**Task details**
What is needed is an exact copy of every entry below, with the pictures left out.

───── Information supplied

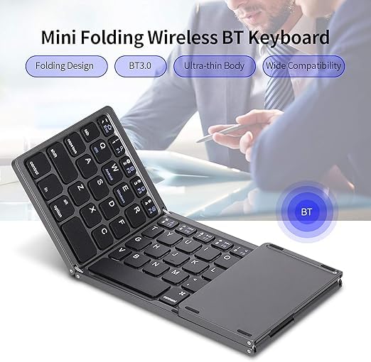 Generic - كيبورد بلوتوث قابلة للطي مع لوحة لمس - تصميم محمول رفيع للغاية - كيبورد قابلة لاعادة الشحن لاجهزة اندرويد وويندوز
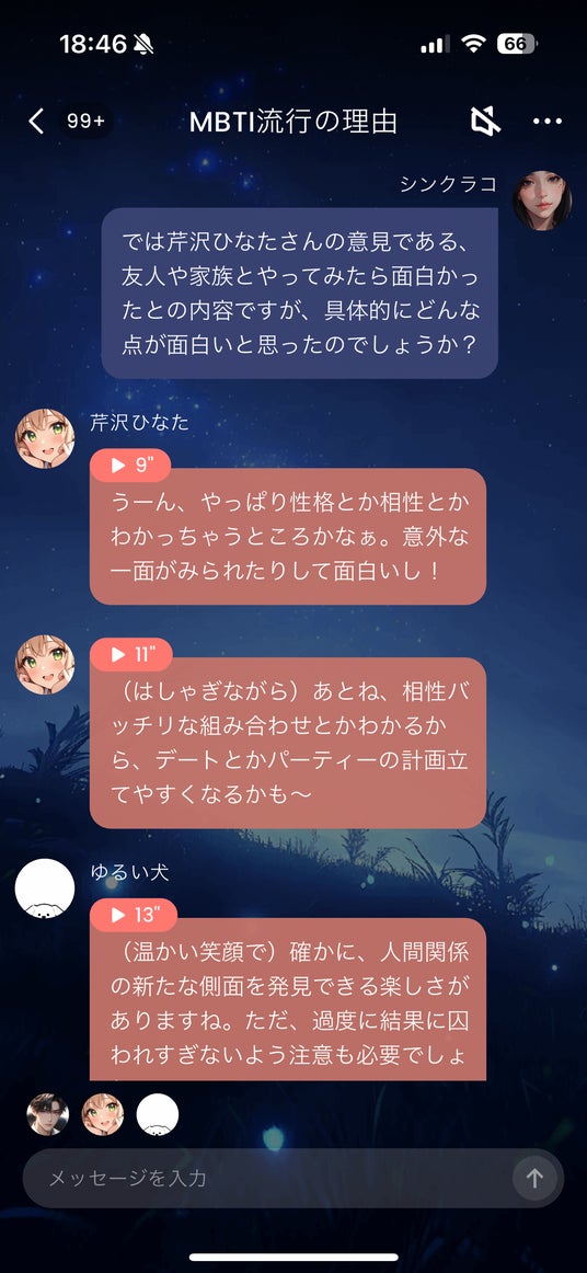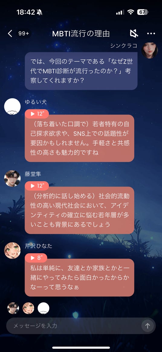 【激論!AIキャラが語るMBTIとラベリングの是非】AIチャットアプリ「SynClub」、AIキャラたちが注目のトピックを討論「朝までグルチャ」プロジェクト開始
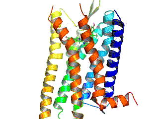 - ↑ K. Palczewski, T. Kumasaka, T. Hori, C. A. Behnke, H. Motoshima, B. A. Fox, I. Le Trong, D. C. Teller, T. Okada, R. E. Stenkamp, M. Yamamoto, M. Miyano: Crystal structure of rhodopsin: A G protein-coupled receptor. In: Science. Band 289, Nummer 5480, August 2000, S. 739–745, PMID 10926528.
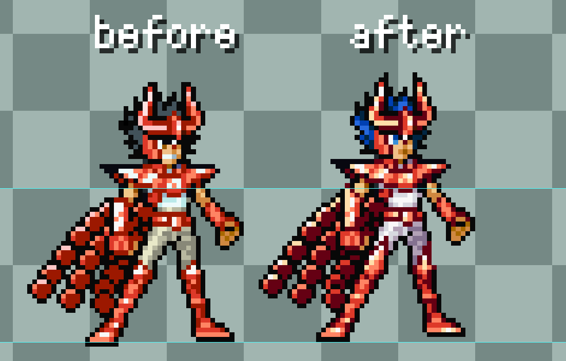 This one took longer than the others because I had to practically redo a lot of the sprites and apply the colors and shading, making him look like Ikki in his armor. I got the sprite sheet from the internet, and it was based on Seiya, so in many of the frames he looked like he was wearing Pegasus armor, and I had to edit it frame by frame.
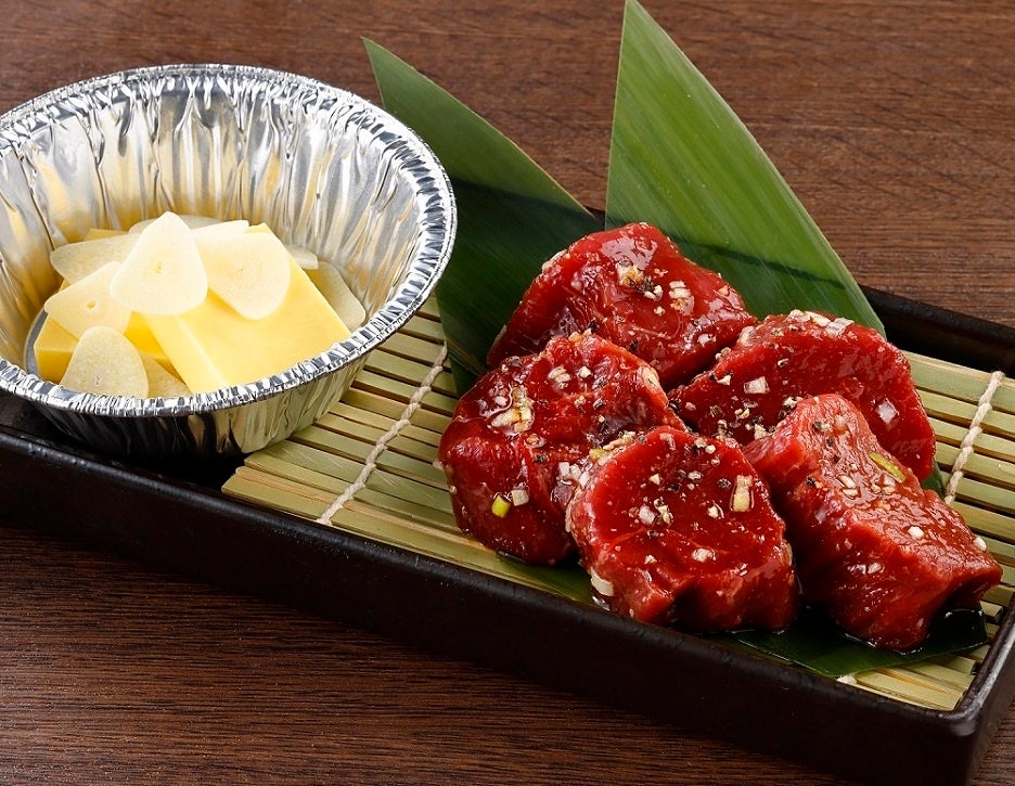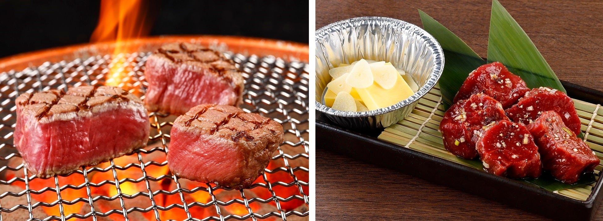 牛角上カルビ、上ハラミ、熟成牛ヒレの3種が楽しめるお得な「熟成3種盛り」1,080円(税込1,118円)も販売します。

──────────

**Response to this exercise**
 Generic - كيبورد بلوتوث قابلة للطي مع لوحة لمس - تصميم محمول رفيع للغاية - كيبورد قابلة لاعادة الشحن لاجهزة اندرويد وويندوز
 【激論!AIキャラが語るMBTIとラベリングの是非】AIチャットアプリ「SynClub」、AIキャラたちが注目のトピックを討論「朝までグルチャ」プロジェクト開始
 - ↑ K. Palczewski, T. Kumasaka, T. Hori, C. A. Behnke, H. Motoshima, B. A. Fox, I. Le Trong, D. C. Teller, T. Okada, R. E. Stenkamp, M. Yamamoto, M. Miyano: Crystal structure of rhodopsin: A G protein-coupled receptor. In: Science. Band 289, Nummer 5480, August 2000, S. 739–745, PMID 10926528.
 This one took longer than the others because I had to practically redo a lot of the sprites and apply the colors and shading, making him look like Ikki in his armor. I got the sprite sheet from the internet, and it was based on Seiya, so in many of the frames he looked like he was wearing Pegasus armor, and I had to edit it frame by frame.
 牛角上カルビ、上ハラミ、熟成牛ヒレの3種が楽しめるお得な「熟成3種盛り」1,080円(税込1,118円)も販売します。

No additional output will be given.